Tony Martin im Gelben Trikot

Tony Martin erfüllte sich am Dienstag einen Traum: Durch den Sieg auf der vierten Etappe der Tour de France übernahm er die Gesamtführung und holte sich damit das erste Gelbe Trikot seiner Karriere. Bild: dpa

Im vierten Anlauf hat es Tony Martin geschafft. Der dreimalige Zeitfahr-Weltmeister holte sich mit unbändigem Willen sein erstes Gelbes Trikot. Martin siegte vor John Degenkolb, der den deutschen Doppelerfolg perfekt machte.

Tony Martin stieg voller Stolz das große Podium hinauf und schaute fast ein wenig ungläubig auf sein erstes Gelbes Trikot. "Ich bin so glücklich. Das ist mein schönster Tag bei der Tour de France. Ein unglaubliches Gefühl", sagte Martin, nachdem er am Ziel seiner Träume angelangt war. Ausgerechnet in der "Hölle des Nordens" auf dem so gefürchteten Kopfsteinpflaster holte sich der ewige Pechvogel mit einem "Sieg des Willens" sein erstes "Maillot jaune". Nicht einmal eine Reifenpanne und ein Wechsel auf ein fremdes Rad konnten Martin am Dienstag aufhalten.

Deutscher Doppelsieg

Nach all dem Pech, nach all der Tragik in den vergangenen Tagen fiel nach der 223,5 Kilometer langen Tortur auf der vierten Tour-Etappe von Seraing nach Cambrai eine tonnenschwere Last von Martins Schultern. "Ich habe nie aufgegeben. Das ganze Pech hat mich nur noch mehr motiviert. Ich war noch stark im Kopf und hatte noch ein wenig Power in den Beinen", ergänzte der dreimalige Zeitfahr-Weltmeister, der nach einer gewagten "Trotz-Attacke" 3,3 Kilometer vor dem Ziel im Alleingang vor seinem Freund John Degenkolb und Peter Sagan triumphierte. Damit löste er Christopher Froome an der Spitze der Gesamtwertung ab.

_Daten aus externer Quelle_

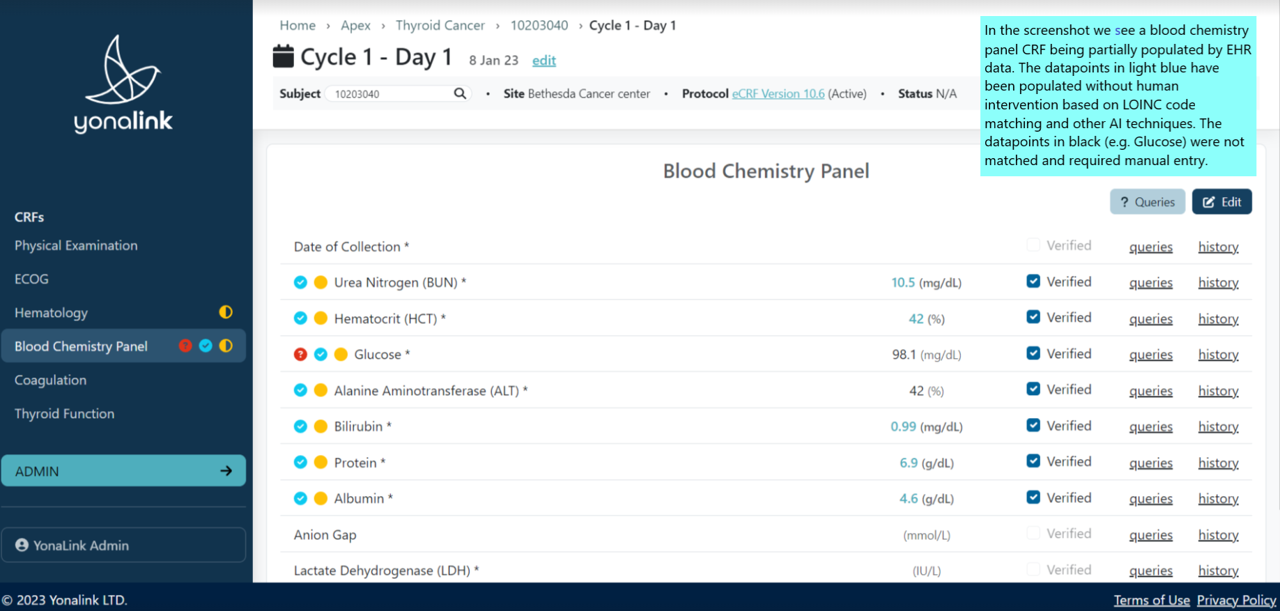Yonalink offers a breakthrough alternative: our system enables direct EHR-to-EDC integration, regardless of the data format. Patient data is transmitted as-is from the EHR, and Yonalink automatically identifies and matches the relevant fields to the EDC using advanced AI matching techniques. This eliminates the need for upfront mapping and reduces both setup time and long-term maintenance. Yonalink has made notable progress beyond the state of the art in advancing the integration process by demonstrating that the traditionally resource-intensive and time-consuming mapping phase, which often required months of manual effort, can be significantly streamlined. Yonalink now enables seamless EHR-to-EDC data transfer, allowing EHR systems to send data in any format while the system automatically processes and aligns it with the corresponding EDC fields. Ultimately, this innovation leads to shorter trial timelines, optimized resource allocation, and more precise data capture.
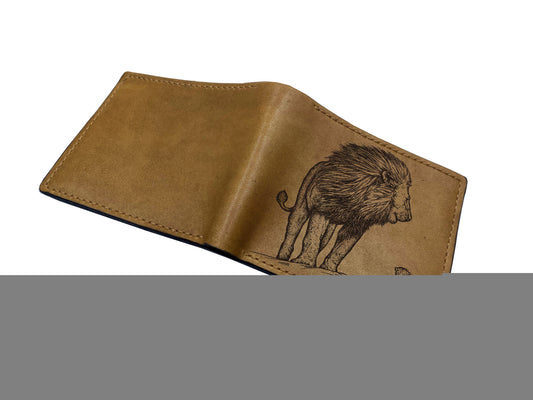 Animal pattern leather men's wallet, Lion cub drawing art wallet, Lion wallet for him, customized Father and son gift ideas

Martin ließ sich auf dieser längsten Tour-Etappe durch nichts und niemanden aufhalten. Sogar ein Reifenschaden 19 Kilometer vor dem Ziel brach seinen Willen nicht. Der 30-Jährige schnappte sich das Rad seines Teamkollegen Matteo Trentin und startete eine famose Aufholjagd. Dabei musste er höllisch aufpassen, denn an Trentins Rad waren die Bremsen umgekehrt montiert. In der Spitzengruppe angekommen, startete er die finale Attacke.

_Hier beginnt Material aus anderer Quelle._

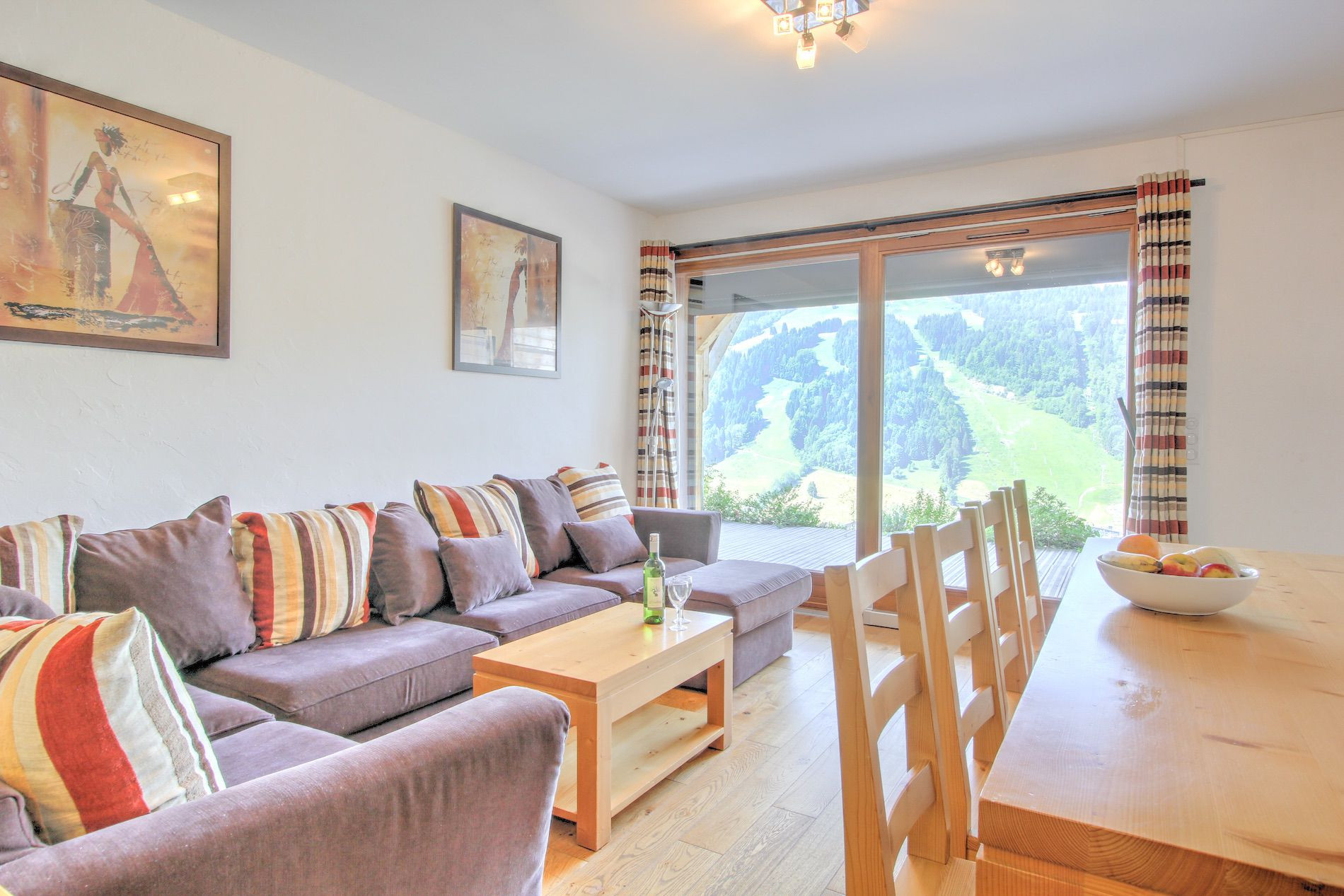 Apartment Le Croix is a lovely apartment set above Morzine on the Route d’Avoriaz. The apartment is best suited to those with a car as the walk into Morzine is approx. 20min. There is a local free shuttle bus operating during the day. There are large windows and a big private terrace with jacuzzi with amazing mountain views of the whole resort.
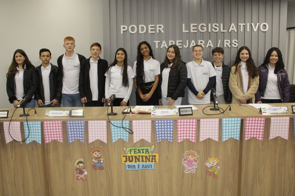 Na noite de quinta-feira, 26 de junho, a Câmara Municipal de Tapejara realizou a primeira Sessão Ordinária do Parlamento Mirim 2025. A Sala de Sessões Zalmair João Roier ficou lotada com a presença de familiares, amigos, professores e representantes das escolas, que prestigiaram esse momento especial dos jovens parlamentares.
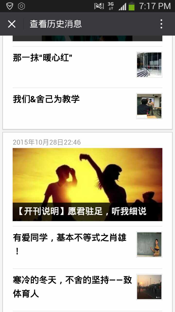本科生2013级党支部联合数学科学学院、体育学院开展——寻找师大好同窗“微故事”评选活动,分别从生活、学习、旅行这三个方面广泛收集“微故事”并进行展示。同时,此活动建立“微爱bnu”微信平台,并在此平台上发布部分投稿作品。此活动的宗旨在于“分享生活在师大,曾让我们为之动容的一个个瞬间”,促进人人争做“友善大使”,营造同学们互相关心的和睦友善氛围,令我们的学习生活更加充实美好。
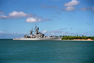 The guided missile cruiser USS GRIDLEY (CG-21) enters the channel as it arrives for a visit to Naval Station, Pearl Harbor, Hawaii.
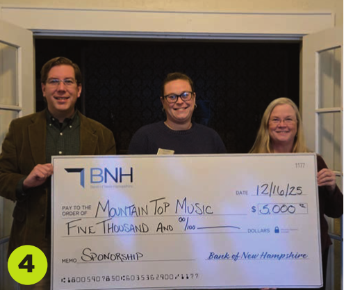 4. Bank of New Hampshire announced its sponsorship of Mountain Top Music Center’s 2026 Concert Series as a $5,000 season sponsor. Mountain Top Music Center in Conway offers music education for all ages as well as performances around the region. From left are Mountain Top Music Center Executive Director George Wiese; Katelyn Quint, banking office manager of Bank of New Hampshire’s Conway office; and Dr. Therese Davison, Mountain Top Music Center trustee.

Martin liegt nun zwölf Sekunden vor Froome. Dann folgt Tejay van Garderen 25 Sekunden zurück. Von den Anwärtern auf den Toursieg ist Alberto Contador Achter (0:48). Vorjahressieger Vincenzo Nibali (1:50) und Nairo Quintana (2:08) liegen auf den Plätzen 13 und 17.

Am Mittwoch könnte es nach den spektakulären Tagen ein wenig ruhiger zugehen. Über 189,5 Kilometer von Arras nach Amiens sind keine größeren Schwierigkeiten zu erwarten, so dass es wohl zu einer Sprintentscheidung kommt.